INGREDIENTS (serves 4)
For the salmon
4 salmon fillets (about 5–6 oz each)
2 tbsp extra-virgin olive oil
2 garlic cloves, minced
Juice of 1 lemon (save rind to zest later)
1 TBS fresh oregano
1/2 tsp sea salt
1/2 tsp black pepper
1/2 tsp cayenne pepper
For the quinoa
1 cup quinoa, rinsed
2 cups veggie broth or water
1 cup cherry tomatoes, halved
1⁄4 cup fresh parsley, chopped
2 tbsp extra-virgin olive oil
Juice of 1⁄2 lemon
Sea salt and pepper, to taste
For the powerhouse tapenade
1 cup Kalamata or assorted olives, pitted
2 tbsp capers, rinsed
1 whole shallot
2 garlic cloves
1-inch piece fresh ginger root, peeled and chopped
1-inch piece fresh turmeric root, peeled and chopped
2 tbsp extra-virgin olive oil
1 tbsp fresh lemon juice
a few fresh basil leaves and handful of fresh parsley
DIRECTIONS:
Marinate the salmon: Whisk olive oil, garlic, lemon juice, oregano, cayenne pepper, salt, and black pepper. Brush over salmon fillets and let sit for 15 minutes.
Cook the quinoa: Simmer quinoa in broth for 15 minutes. Fluff, then stir in tomatoes, parsley, olive oil, lemon juice, salt, and pepper.
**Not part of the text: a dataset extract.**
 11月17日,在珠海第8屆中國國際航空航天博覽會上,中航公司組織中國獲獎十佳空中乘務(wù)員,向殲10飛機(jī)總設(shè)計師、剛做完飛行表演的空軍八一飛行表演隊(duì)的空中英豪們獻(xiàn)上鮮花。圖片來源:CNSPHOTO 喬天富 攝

Make the tapenade: In a food processor, pulse olives, capers, shallots, garlic, ginger, turmeric, olive oil, and lemon juice until finely chopped but still textured. Pulse in herbs quickly.
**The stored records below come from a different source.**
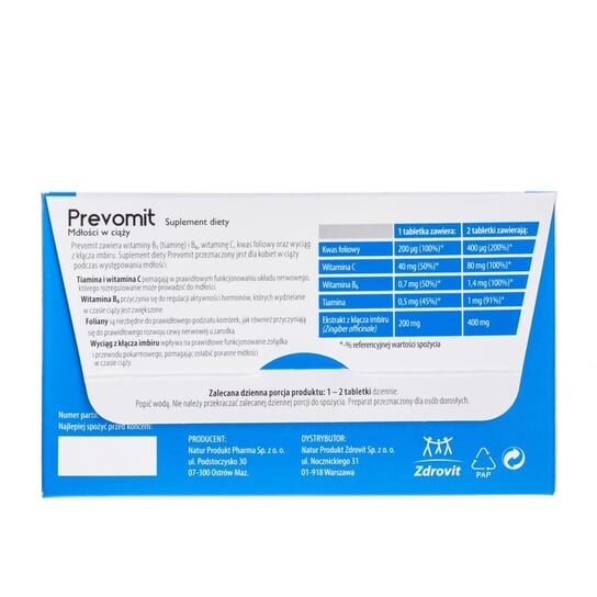 Состав: экстракт имбиря, наполнители: целлюлоза и сорбиты, L-аскорбиновая кислота (витамин С), антислеживатель: магниевые соли жирных кислот, пиридоксина гидрохлорид (витамин В6), тиамина мононитрат (витамин В1), птероилмоноглутаминовая кислота (фолиевая кислота), оболочка (загустители: гидроксипропилметилцеллюлоза и гидроксипропилцеллюлоза, связующее: тальк, краситель: Е171)
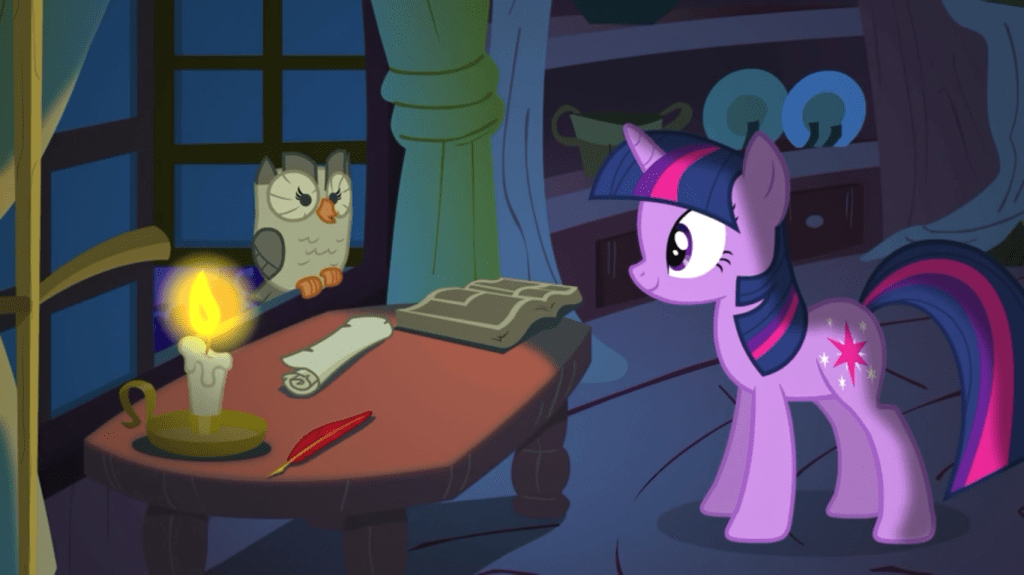 At night, Twilight Sparkle writes an essay about comets that reads a lot like a Wikipedia article and almost loses her scroll until an owl pops in and retrieves it. She allows the owl to keep her company, finally giving Twilight a pet like most of her friends already have.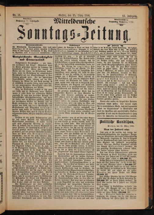 Die Mitteldentsche Sonntags⸗Zeitung kostet durch unsere gehmen alle Austräger in Stadt und Land, di, Austräger frei ins Haus geliefert monatlich 25 Pfennig. Expedition in Gießen, Rittergasse 17, die Durch die Post bezogen vierteljährlich 75 Pfg. Direkt durch Druckerei, Ludwigstr. 30, jede Postanstalt nnd die Expedition unter Kreuzband dierteljährlich 1 Mark. jeder Landbriefträger entgegen.(P.⸗Z. K. 5107)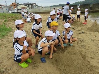 どの班も協力して大きな砂山を作って、トンネルを掘ったり、顔を作ったりして楽しんでいました。 |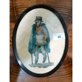 A mid 19thC study, a beggar, holding a sign 'Scraps thankfully received by LEF' watercolour 8" x 6" framed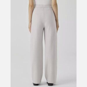 Eileen Fisher Chalk Boiled Wool Jersey Pleated Wide-Leg Pant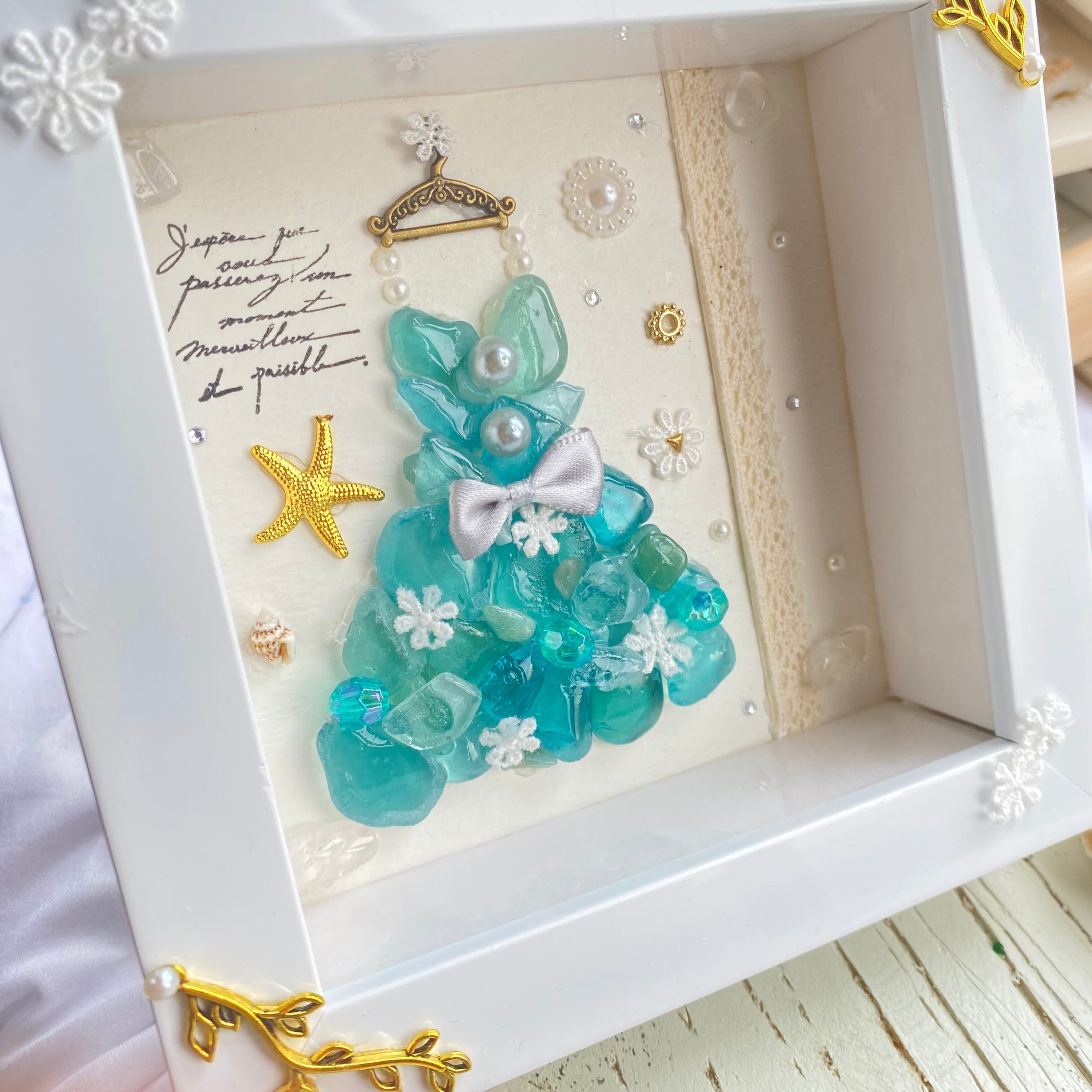 レジンでツヤを出し、光にあてると、よりきらっと光り綺麗です。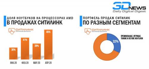 О высоком спросе на мобильные системы, построенные на процессорах AMD, нам рассказали и в «Ситилинке». «Как показывает наша практика работы с ноутбуками на базе AMD, такие модели пользуются большим спросом. Сегодня на их долю в компании приходится порядка 40 %. Более того, несмотря на ситуацию на рынке, продажи премиальных и производительных моделей продолжают расти. Иллюстрацией может быть модель Acer Swift», — подтверждает Олег Пчельников.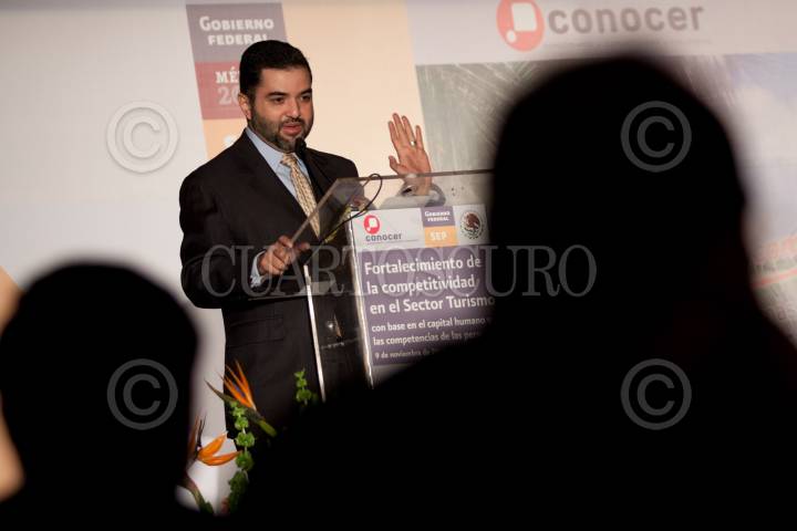 MÉXICO, D.F., 09NOVIEMBRE2010.- Miguel Ángel Martínez Espinoza, subsecretario de Educación Media Superior, encabezó e inauguró el foro "Estrategias para el Fortalecimiento del Capital Humano del Sector, con base en las competencias de las personas del Sector Turismo" que organiza el Consejo Nacional de Normalización y Certificación de Competencias Laborales oficina dependiente de la Secretaría de Educación Pública (SEP). Esto se realizó en un conocido hotel de la avenida Paseo de la Reforma. FOTO: MISAEL VALTIERRA/CUARTOSCURO.COM

Cook the salmon: Grill, roast, or pan-sear salmon, 4–5 minutes skin side down, then 3–4 minutes more until just cooked through.
To serve: Place salmon over quinoa, top with olive-ginger-turmeric tapenade, and garnish with extra parsley and lemon zest.
WHERE’S THE POWER?
Salmon: Packed with omega-3 fatty acids that support memory, cognition, and overall brain health.
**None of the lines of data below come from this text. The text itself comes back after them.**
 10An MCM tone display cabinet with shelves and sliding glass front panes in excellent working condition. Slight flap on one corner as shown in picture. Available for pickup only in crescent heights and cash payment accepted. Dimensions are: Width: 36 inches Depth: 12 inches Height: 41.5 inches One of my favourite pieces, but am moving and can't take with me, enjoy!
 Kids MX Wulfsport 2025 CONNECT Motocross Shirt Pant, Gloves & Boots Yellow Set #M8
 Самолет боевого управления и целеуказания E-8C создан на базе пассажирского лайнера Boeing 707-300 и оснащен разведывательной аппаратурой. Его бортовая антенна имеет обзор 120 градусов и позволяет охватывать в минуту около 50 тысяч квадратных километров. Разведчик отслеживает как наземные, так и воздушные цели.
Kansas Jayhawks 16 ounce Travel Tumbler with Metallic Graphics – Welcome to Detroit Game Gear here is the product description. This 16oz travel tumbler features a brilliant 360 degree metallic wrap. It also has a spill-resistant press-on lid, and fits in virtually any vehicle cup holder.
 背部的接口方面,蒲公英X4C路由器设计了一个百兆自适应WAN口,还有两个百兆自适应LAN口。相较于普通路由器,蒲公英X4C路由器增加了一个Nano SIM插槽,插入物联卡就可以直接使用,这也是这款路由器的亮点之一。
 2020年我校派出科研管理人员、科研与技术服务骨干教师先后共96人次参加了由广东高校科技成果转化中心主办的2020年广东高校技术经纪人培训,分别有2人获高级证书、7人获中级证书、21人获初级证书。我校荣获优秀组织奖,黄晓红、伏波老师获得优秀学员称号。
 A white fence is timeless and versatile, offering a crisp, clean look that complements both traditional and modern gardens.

Olive Tapenade: A source of healthy fats and polyphenols that help fight inflammation and protect brain cells.
Ginger Root: Supports circulation and digestion, with studies suggesting it may also enhance brain function.
Turmeric Root: Contains curcumin, a powerful anti-inflammatory compound shown to support memory and reduce the risk of cognitive decline.
Quinoa: A nutrient-dense whole grain that delivers steady energy, protein, and fiber for sustained brain fuel.
Tomatoes & Fresh Herbs: Rich in antioxidants, particularly lycopene, which help defend brain cells against damage.